- [What is needed] Output all of the listing, leaving every line exactly as written.

- [Provided data]
⟨

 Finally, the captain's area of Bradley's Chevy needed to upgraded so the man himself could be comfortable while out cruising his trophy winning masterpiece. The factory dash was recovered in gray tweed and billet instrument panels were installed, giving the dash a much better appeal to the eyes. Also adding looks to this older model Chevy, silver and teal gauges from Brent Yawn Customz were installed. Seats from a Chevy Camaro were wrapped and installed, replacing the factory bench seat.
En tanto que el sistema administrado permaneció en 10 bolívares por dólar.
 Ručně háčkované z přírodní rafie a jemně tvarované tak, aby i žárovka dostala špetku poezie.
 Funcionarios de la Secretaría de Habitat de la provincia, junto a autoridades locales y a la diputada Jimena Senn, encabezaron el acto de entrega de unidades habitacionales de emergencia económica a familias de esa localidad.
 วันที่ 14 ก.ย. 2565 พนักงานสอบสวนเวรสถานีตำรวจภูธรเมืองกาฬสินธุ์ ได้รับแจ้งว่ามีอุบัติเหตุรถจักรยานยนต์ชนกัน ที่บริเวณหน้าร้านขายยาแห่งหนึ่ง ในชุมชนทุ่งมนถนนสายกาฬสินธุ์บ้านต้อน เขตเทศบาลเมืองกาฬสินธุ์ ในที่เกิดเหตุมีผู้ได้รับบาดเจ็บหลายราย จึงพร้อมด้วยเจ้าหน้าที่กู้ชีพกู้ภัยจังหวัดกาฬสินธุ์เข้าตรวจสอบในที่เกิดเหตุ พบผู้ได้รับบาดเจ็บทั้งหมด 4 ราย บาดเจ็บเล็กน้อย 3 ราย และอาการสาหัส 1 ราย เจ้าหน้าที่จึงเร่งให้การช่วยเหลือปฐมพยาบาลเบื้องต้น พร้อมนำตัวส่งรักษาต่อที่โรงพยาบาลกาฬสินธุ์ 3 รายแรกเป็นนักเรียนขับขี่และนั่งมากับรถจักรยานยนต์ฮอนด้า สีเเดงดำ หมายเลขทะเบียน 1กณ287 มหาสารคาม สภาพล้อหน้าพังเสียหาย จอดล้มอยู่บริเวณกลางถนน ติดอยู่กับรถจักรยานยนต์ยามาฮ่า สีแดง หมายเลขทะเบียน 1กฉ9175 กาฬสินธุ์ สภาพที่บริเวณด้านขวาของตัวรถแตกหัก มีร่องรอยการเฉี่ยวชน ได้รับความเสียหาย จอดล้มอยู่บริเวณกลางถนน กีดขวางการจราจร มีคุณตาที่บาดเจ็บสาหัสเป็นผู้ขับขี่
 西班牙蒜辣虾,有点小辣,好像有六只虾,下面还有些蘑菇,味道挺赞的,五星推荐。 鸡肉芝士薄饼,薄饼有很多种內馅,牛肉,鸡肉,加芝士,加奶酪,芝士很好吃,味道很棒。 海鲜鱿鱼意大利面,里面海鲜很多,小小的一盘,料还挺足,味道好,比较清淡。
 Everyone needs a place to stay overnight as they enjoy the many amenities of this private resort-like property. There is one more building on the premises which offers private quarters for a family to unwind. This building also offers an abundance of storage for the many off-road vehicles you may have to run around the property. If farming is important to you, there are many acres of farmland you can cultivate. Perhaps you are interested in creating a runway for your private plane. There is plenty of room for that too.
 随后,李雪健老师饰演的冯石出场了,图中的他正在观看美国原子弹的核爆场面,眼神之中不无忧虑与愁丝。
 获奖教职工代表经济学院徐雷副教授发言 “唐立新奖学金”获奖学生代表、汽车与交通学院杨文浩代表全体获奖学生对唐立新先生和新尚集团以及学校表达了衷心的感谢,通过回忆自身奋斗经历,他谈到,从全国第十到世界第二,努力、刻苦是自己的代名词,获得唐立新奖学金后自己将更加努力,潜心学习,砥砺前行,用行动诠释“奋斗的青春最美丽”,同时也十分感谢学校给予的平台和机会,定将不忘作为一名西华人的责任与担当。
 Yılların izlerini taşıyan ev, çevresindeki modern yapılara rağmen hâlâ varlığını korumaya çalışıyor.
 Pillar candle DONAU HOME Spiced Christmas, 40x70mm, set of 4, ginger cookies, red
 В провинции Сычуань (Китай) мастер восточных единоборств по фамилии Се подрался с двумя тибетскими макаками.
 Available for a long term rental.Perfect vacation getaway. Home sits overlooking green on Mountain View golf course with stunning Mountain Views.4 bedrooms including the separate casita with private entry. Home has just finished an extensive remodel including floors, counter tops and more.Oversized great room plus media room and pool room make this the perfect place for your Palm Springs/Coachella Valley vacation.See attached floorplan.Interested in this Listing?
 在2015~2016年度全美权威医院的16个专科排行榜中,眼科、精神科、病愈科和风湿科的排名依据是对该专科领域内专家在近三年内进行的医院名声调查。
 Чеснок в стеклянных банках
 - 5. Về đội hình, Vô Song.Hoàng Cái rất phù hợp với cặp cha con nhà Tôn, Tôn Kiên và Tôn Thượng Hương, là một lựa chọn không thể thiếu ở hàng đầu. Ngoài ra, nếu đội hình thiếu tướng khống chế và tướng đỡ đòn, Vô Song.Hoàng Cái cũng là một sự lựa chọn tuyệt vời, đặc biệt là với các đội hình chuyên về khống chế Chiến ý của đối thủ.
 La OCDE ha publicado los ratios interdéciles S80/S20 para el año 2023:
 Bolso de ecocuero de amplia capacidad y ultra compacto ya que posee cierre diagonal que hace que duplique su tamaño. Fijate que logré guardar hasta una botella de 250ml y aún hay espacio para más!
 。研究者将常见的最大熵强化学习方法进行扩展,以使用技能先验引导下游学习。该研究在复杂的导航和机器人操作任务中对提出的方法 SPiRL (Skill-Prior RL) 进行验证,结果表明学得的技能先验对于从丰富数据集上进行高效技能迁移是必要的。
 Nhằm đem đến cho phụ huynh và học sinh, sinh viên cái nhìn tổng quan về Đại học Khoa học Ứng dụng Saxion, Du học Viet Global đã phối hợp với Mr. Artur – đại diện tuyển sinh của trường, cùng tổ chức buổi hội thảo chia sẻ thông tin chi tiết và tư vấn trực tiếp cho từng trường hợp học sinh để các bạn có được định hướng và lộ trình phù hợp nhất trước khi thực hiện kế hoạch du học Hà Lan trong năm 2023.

⟩

- [Response area]
 Finally, the captain's area of Bradley's Chevy needed to upgraded so the man himself could be comfortable while out cruising his trophy winning masterpiece. The factory dash was recovered in gray tweed and billet instrument panels were installed, giving the dash a much better appeal to the eyes. Also adding looks to this older model Chevy, silver and teal gauges from Brent Yawn Customz were installed. Seats from a Chevy Camaro were wrapped and installed, replacing the factory bench seat.
En tanto que el sistema administrado permaneció en 10 bolívares por dólar.
 Ručně háčkované z přírodní rafie a jemně tvarované tak, aby i žárovka dostala špetku poezie.
 Funcionarios de la Secretaría de Habitat de la provincia, junto a autoridades locales y a la diputada Jimena Senn, encabezaron el acto de entrega de unidades habitacionales de emergencia económica a familias de esa localidad.
 วันที่ 14 ก.ย. 2565 พนักงานสอบสวนเวรสถานีตำรวจภูธรเมืองกาฬสินธุ์ ได้รับแจ้งว่ามีอุบัติเหตุรถจักรยานยนต์ชนกัน ที่บริเวณหน้าร้านขายยาแห่งหนึ่ง ในชุมชนทุ่งมนถนนสายกาฬสินธุ์บ้านต้อน เขตเทศบาลเมืองกาฬสินธุ์ ในที่เกิดเหตุมีผู้ได้รับบาดเจ็บหลายราย จึงพร้อมด้วยเจ้าหน้าที่กู้ชีพกู้ภัยจังหวัดกาฬสินธุ์เข้าตรวจสอบในที่เกิดเหตุ พบผู้ได้รับบาดเจ็บทั้งหมด 4 ราย บาดเจ็บเล็กน้อย 3 ราย และอาการสาหัส 1 ราย เจ้าหน้าที่จึงเร่งให้การช่วยเหลือปฐมพยาบาลเบื้องต้น พร้อมนำตัวส่งรักษาต่อที่โรงพยาบาลกาฬสินธุ์ 3 รายแรกเป็นนักเรียนขับขี่และนั่งมากับรถจักรยานยนต์ฮอนด้า สีเเดงดำ หมายเลขทะเบียน 1กณ287 มหาสารคาม สภาพล้อหน้าพังเสียหาย จอดล้มอยู่บริเวณกลางถนน ติดอยู่กับรถจักรยานยนต์ยามาฮ่า สีแดง หมายเลขทะเบียน 1กฉ9175 กาฬสินธุ์ สภาพที่บริเวณด้านขวาของตัวรถแตกหัก มีร่องรอยการเฉี่ยวชน ได้รับความเสียหาย จอดล้มอยู่บริเวณกลางถนน กีดขวางการจราจร มีคุณตาที่บาดเจ็บสาหัสเป็นผู้ขับขี่
 西班牙蒜辣虾,有点小辣,好像有六只虾,下面还有些蘑菇,味道挺赞的,五星推荐。 鸡肉芝士薄饼,薄饼有很多种內馅,牛肉,鸡肉,加芝士,加奶酪,芝士很好吃,味道很棒。 海鲜鱿鱼意大利面,里面海鲜很多,小小的一盘,料还挺足,味道好,比较清淡。
 Everyone needs a place to stay overnight as they enjoy the many amenities of this private resort-like property. There is one more building on the premises which offers private quarters for a family to unwind. This building also offers an abundance of storage for the many off-road vehicles you may have to run around the property. If farming is important to you, there are many acres of farmland you can cultivate. Perhaps you are interested in creating a runway for your private plane. There is plenty of room for that too.
 随后,李雪健老师饰演的冯石出场了,图中的他正在观看美国原子弹的核爆场面,眼神之中不无忧虑与愁丝。
 获奖教职工代表经济学院徐雷副教授发言 “唐立新奖学金”获奖学生代表、汽车与交通学院杨文浩代表全体获奖学生对唐立新先生和新尚集团以及学校表达了衷心的感谢,通过回忆自身奋斗经历,他谈到,从全国第十到世界第二,努力、刻苦是自己的代名词,获得唐立新奖学金后自己将更加努力,潜心学习,砥砺前行,用行动诠释“奋斗的青春最美丽”,同时也十分感谢学校给予的平台和机会,定将不忘作为一名西华人的责任与担当。
 Yılların izlerini taşıyan ev, çevresindeki modern yapılara rağmen hâlâ varlığını korumaya çalışıyor.
 Pillar candle DONAU HOME Spiced Christmas, 40x70mm, set of 4, ginger cookies, red
 В провинции Сычуань (Китай) мастер восточных единоборств по фамилии Се подрался с двумя тибетскими макаками.
 Available for a long term rental.Perfect vacation getaway. Home sits overlooking green on Mountain View golf course with stunning Mountain Views.4 bedrooms including the separate casita with private entry. Home has just finished an extensive remodel including floors, counter tops and more.Oversized great room plus media room and pool room make this the perfect place for your Palm Springs/Coachella Valley vacation.See attached floorplan.Interested in this Listing?
 在2015~2016年度全美权威医院的16个专科排行榜中,眼科、精神科、病愈科和风湿科的排名依据是对该专科领域内专家在近三年内进行的医院名声调查。
 Чеснок в стеклянных банках
 - 5. Về đội hình, Vô Song.Hoàng Cái rất phù hợp với cặp cha con nhà Tôn, Tôn Kiên và Tôn Thượng Hương, là một lựa chọn không thể thiếu ở hàng đầu. Ngoài ra, nếu đội hình thiếu tướng khống chế và tướng đỡ đòn, Vô Song.Hoàng Cái cũng là một sự lựa chọn tuyệt vời, đặc biệt là với các đội hình chuyên về khống chế Chiến ý của đối thủ.
 La OCDE ha publicado los ratios interdéciles S80/S20 para el año 2023:
 Bolso de ecocuero de amplia capacidad y ultra compacto ya que posee cierre diagonal que hace que duplique su tamaño. Fijate que logré guardar hasta una botella de 250ml y aún hay espacio para más!
 。研究者将常见的最大熵强化学习方法进行扩展,以使用技能先验引导下游学习。该研究在复杂的导航和机器人操作任务中对提出的方法 SPiRL (Skill-Prior RL) 进行验证,结果表明学得的技能先验对于从丰富数据集上进行高效技能迁移是必要的。
 Nhằm đem đến cho phụ huynh và học sinh, sinh viên cái nhìn tổng quan về Đại học Khoa học Ứng dụng Saxion, Du học Viet Global đã phối hợp với Mr. Artur – đại diện tuyển sinh của trường, cùng tổ chức buổi hội thảo chia sẻ thông tin chi tiết và tư vấn trực tiếp cho từng trường hợp học sinh để các bạn có được định hướng và lộ trình phù hợp nhất trước khi thực hiện kế hoạch du học Hà Lan trong năm 2023.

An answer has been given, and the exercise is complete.